Today is one of those days - I'm having a caterpillar moment, standing here at the edge of my nice safe green leaf, contemplating the idea of leaping off into the unknown.
True, as a writer, I've shed my old wrinkled caterpillar skin and taken my first risk by stretching my wings and leaping into the world of full time writing. But I had a little help making that decision since physical difficulties with arthritis in my knees mandated a career change last year.
For the last week though, I've been prayerfully considering purchasing the software and redesigning my website to create and sell my own e-books. That's a huge leap for one who almost crawled under her desk 10 years ago after starting to write for a small weekly paper and realizing EVERYBODY in that small community would read her stories.
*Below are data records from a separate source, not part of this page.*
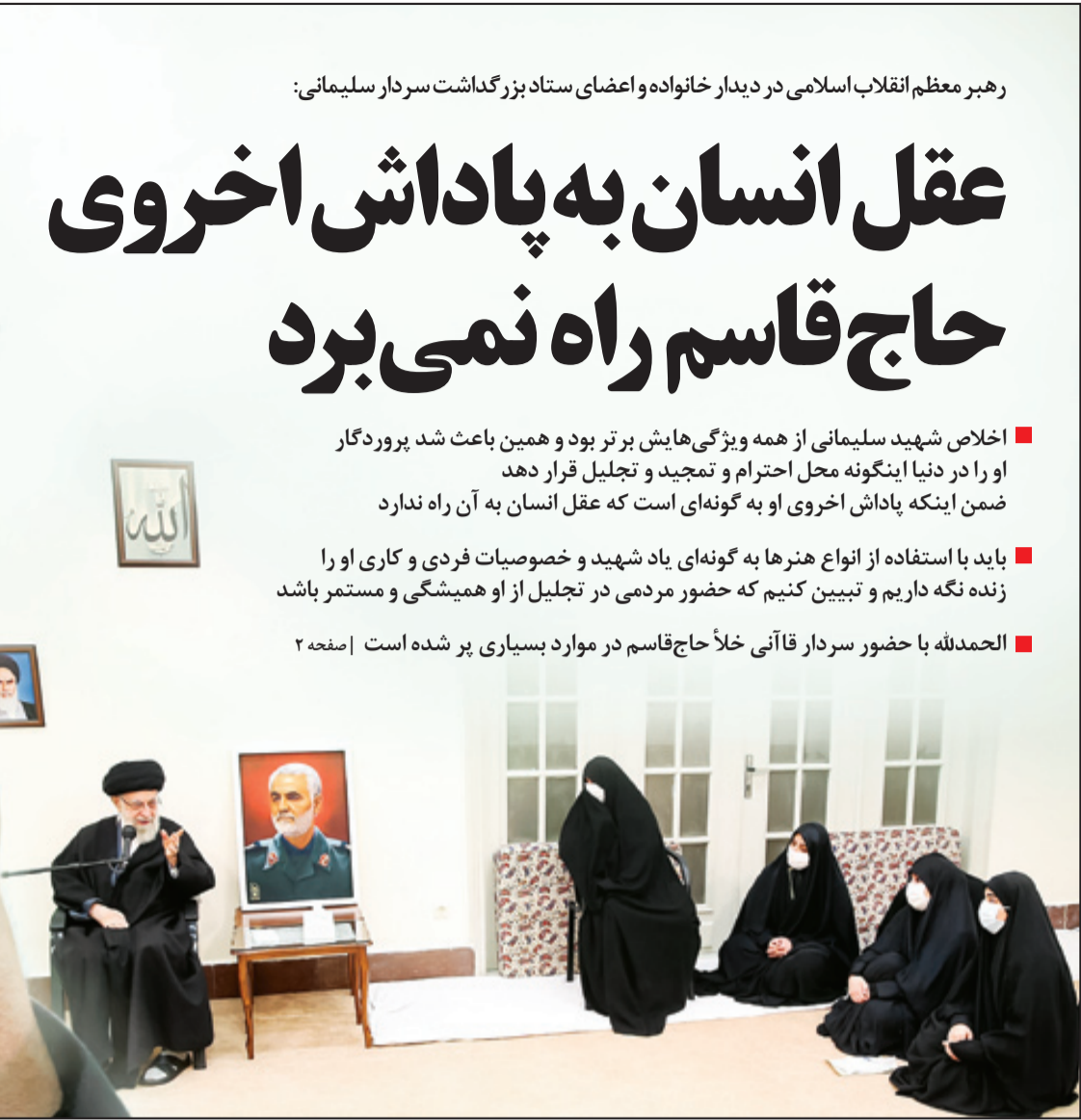
رهبر معظم انقلاب در دیدار خانواده شهید سلیمانی و مسئولان بر گزار کننده سالگرد شهادت او، ویژگی‌های اصلی حاج‌قاسم را اخلاص و صداقت معرفی کردند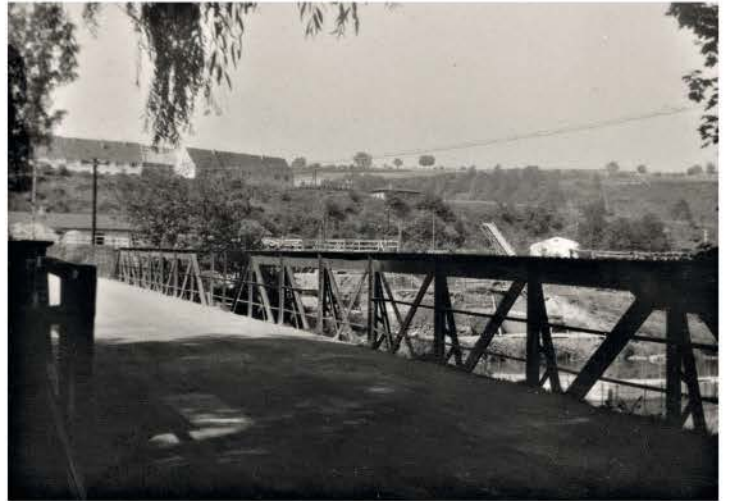
Brücke am Steghaus 1958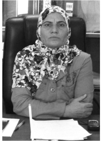
دیدار / عومەر ئاواره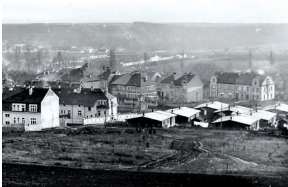
POHLED NA KOLONII ARIZONA Z VIDOULE.

Prostá dřevěná stavení velice podobná vojenským provizorním kasárnám či zajateckým táborům. Na střeše pouze dehtový papír, policie tam v noci raději nechodila - a když, tak jedině ve dvou hlídkových vozech. To byla kolonie Arizona, která se nacházela na konci ulic Souběžná a Na Vidouli.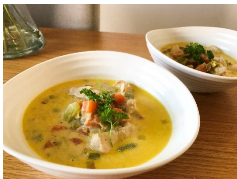
Slika 7: Waterzooi

Belgija ima veliko jedi, ki veljajo za tradicionalne samo v eni regiji države, lahko pa se najdejo tudi v drugih regijah. Takšne so na primer waterzooi iz Genta, couque biskvit iz mesta Dinant in tart au riz iz Verviersa.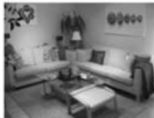
Byt 3+1 OV Tišnov Osvobození CP 74 m 2 , balkon, po rekon. 1.999.000 Kč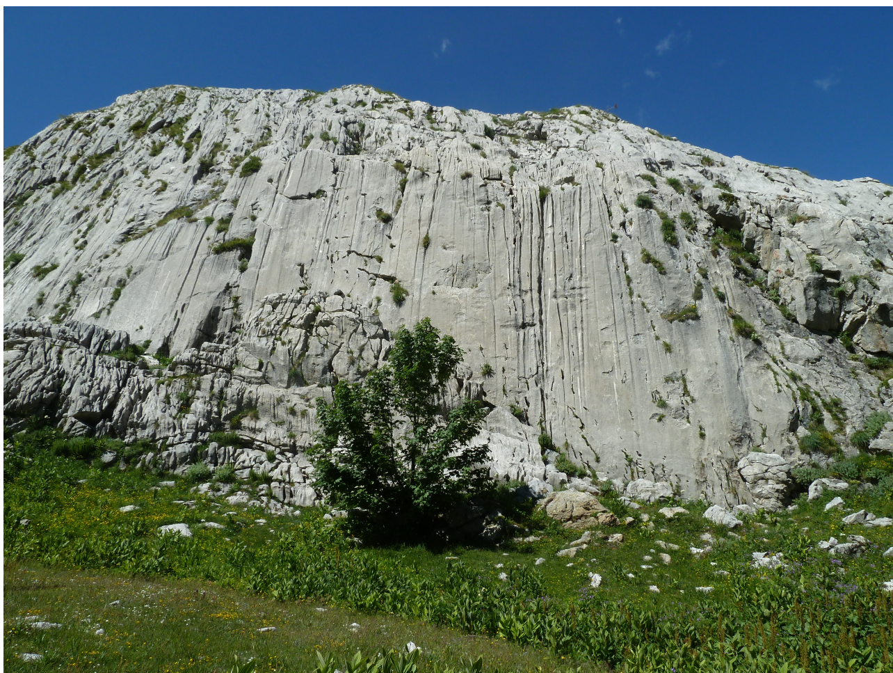
IL MOON WALL ILLUMINATO DAL SOLE IN UNA MATTINATA ESTIVA

Accesso: RAGGIUNGERE RASTELLO IN VAL ELLERO E PROSEGUIRE ATTRAVERSANDO PONTE MURATO FINO ALLA SBARRA DI PIAN MARCHISIO A 1634M. LASCIARE L'AUTO E PROSEGUIRE SULLA MULATTIERA FINO A AL BIVIO PER IL RIFUGIO MONDOVÌ E SEGUIRE A SINISTRA LA DEVIAZIONE PER IL GIAS GRUPPETTI FINO A RAGGIUNGERLO, SEMPRE SU EVIDENTE MULATTIERA, A QUOTA 1882M. DI QUI INSINUARSI NELL'EVIDENTE FONDOVALLE ERBOSO E RICCO DI CALCAREI "CAMPI SOLCATI" FINO REPERIRE SULLA DESTRA LA BARRA ROCCIOSA SULLA QUALE APPAIONO EVIDENTI GLI SPOT E LE LINEE DI ARRAMPICATA.(1H20' DAL PARCHEGGIO, POCO DISLIVELLO PREVALENTEMENTE SU STRADA STERRATA. E' MOLTO PRATICO L'ACCESSO CON E-BIKE)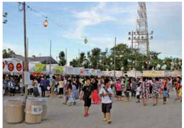
地域との交流を深める納涼祭（四日市事業所）

唐津 JRCCとの完全統合に伴い、これまでの様々な活動を一元化し、より判り易い情報の発信をお願いしたいですね。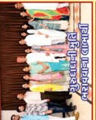
યુરુદાદાની મુર્તિ ભરાવવાના લાભાર્થી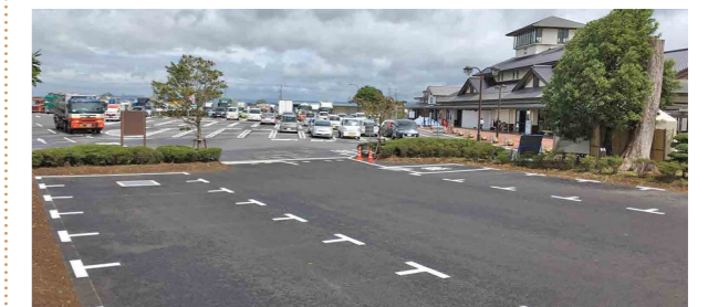
車が混雑した時にはぜひご利用ください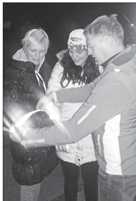
Mimoidoči radi sprejmejo odsevnike in dober nasvet glede ravnanja v prometu.

Člani Sveta za vzgojo in preventivo v cestnem prometu (SPV) Občine Ljubno in policisti Policijske postaje Mozirje so se v večernih urah sredi novembra podali skozi Ljubno, Radmirje, Okonino, Juvanje in druga naselja ter mimoidočim razdelili odsevna telesa in promocijski material, ki so ga prejeli od Javne agencije RS za varnost prometa. Pri tem so sogovornikom namenili kakšen nasvet in prijazno besedo.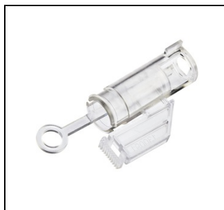
UZ91P4 Hohlwandset zu UK600 EAN 4011617314349 Art.-Nr. 2CPX031434R9999 Listenpreis 19,35 €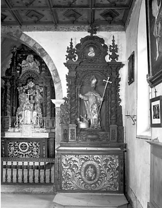
Vue de l'autel latéral droit.

25, Villers-le-Lac, lieudit : les Bassots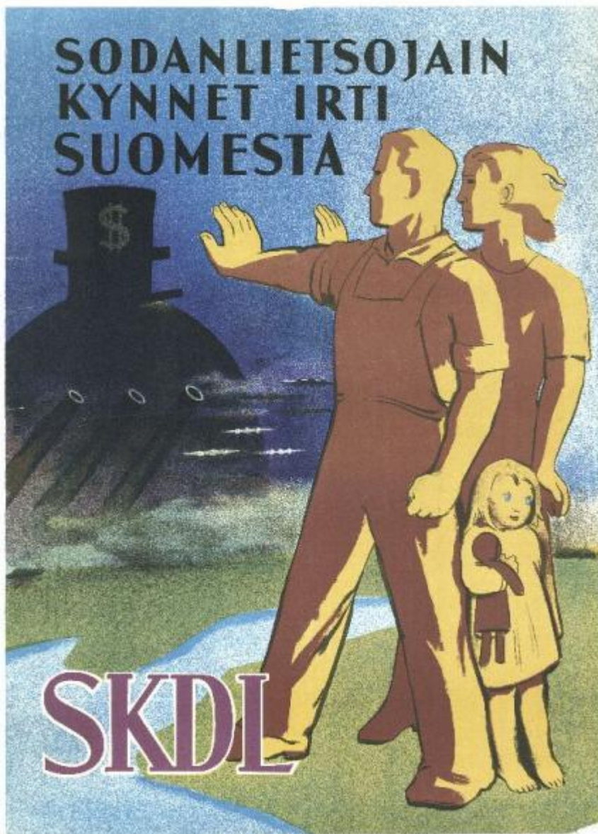
Bild 5: Riksdagsval, 1948. Tapio Tapiovaara. CC BY-NC-ND 4.0. Finna.fi: Länk till affisch

e) Vilka ansåg DFFF vara krigshetsare (sodanlietsoja) och vilka fredskrafter?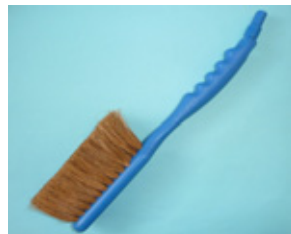
洗車ブラシ バーム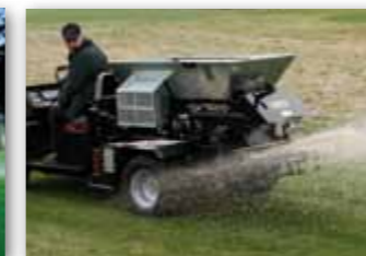
Pro ultra lehké pískování umožňuje WideSpin nastavení diskového rozmetacího ústrojí v rozmezí od 0° do +14°.

So here I stand, feeling the wind in my face, wondering if these filmy butterfly wings I've developed are strong enough to leap off my leaf and risk flying. I see my Creator's hand encouraging me on. Friends and family have also been supportive. All that's left to do is to jump...
I know my caterpillar nature. Threads of that old cocoon of insecurity still bind me at times. Eventually though, I'll gather enough courage to take that flying leap after stewing about it for awhile.
Thank God, He's patient with caterpillars who've morphed into butterflies. He knows we don't always shed our caterpillar attitudes along with our skin. So He stands there waiting for us to take that gulp of breath and leap, His hands invisible just under the leaf, waiting to catch us and support us in the wind.